On a steel-skied summer day I dropped by the Northern Ireland Assembly to watch legislators discuss anti-immigrant riots, each speaker straining to upstage the last in outrage and fervor. To my eyes, though, the drama of the day’s debate was utterly eclipsed by the improbable scene itself: such a collection of people in such a place as this.
There was First Minister Michelle O’Neill, the daughter of an Irish Republican Army member and the first Catholic to lead Northern Ireland, which was carved from the rest of the Irish island a century ago as a bastion of Protestant supremacy. The deputy first minister, Emma Little-Pengelly, is the daughter of a former Protestant paramilitary gun runner. In the back rows I spotted Gerry Kelly, onetime I.R.A. bomber of London’s Old Bailey criminal court, now a blazer-clad minister representing North Belfast.

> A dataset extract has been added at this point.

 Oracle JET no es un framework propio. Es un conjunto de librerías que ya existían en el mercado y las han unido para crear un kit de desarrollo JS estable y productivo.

These politicians grew up in communities that battled one another bitterly for about 30 years before finally making peace in 1998. The conflict euphemistically called the Troubles still lingers uncomfortably close to the surface. Predictably, it was invoked in the debate, with the hard-line conservative Timothy Gaston suggesting that Ms. O’Neill was a hypocrite for denouncing anti-immigrant violence. Hadn’t she claimed that there had been no alternative to the armed republican uprising of the Troubles? “I hear from people regularly who see that violence has worked for others in Northern Ireland,” Mr. Gaston said darkly.

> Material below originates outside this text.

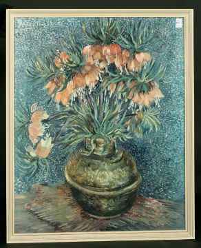 After Van Gogh, A still life of Fritillaries, coloured print, 29.5" x 24".

Odd as it sounds, I felt inspired watching this verbal sparring in the grand, gloomy hall of Stormont, the vast hilltop complex designed for a “Protestant Parliament and a Protestant state.” This onetime monument to perpetual sectarian supremacy is now the seat of a government in which the communities share power.

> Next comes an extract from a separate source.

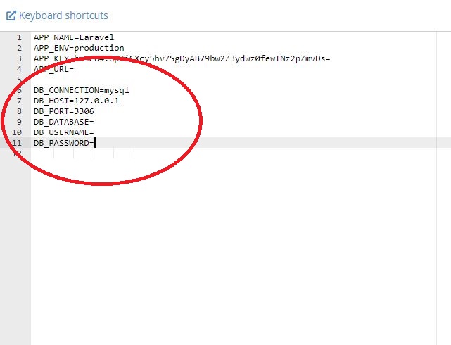 Go to application folder and edit the .env. Then put the DB_DATABASE, DB_USERNAME and DB_PASSWORD

A pacified Belfast made a welcome contrast to the relentless carnage in Gaza, a place where I used to report. Here was a negotiated peace, unsteady though it may be. Northern Ireland is veined with frustrated hope and unsettled grievance, but it is also vivid proof that a dirty war fought around questions of identity can be channeled into a peaceful, albeit fraught, politics.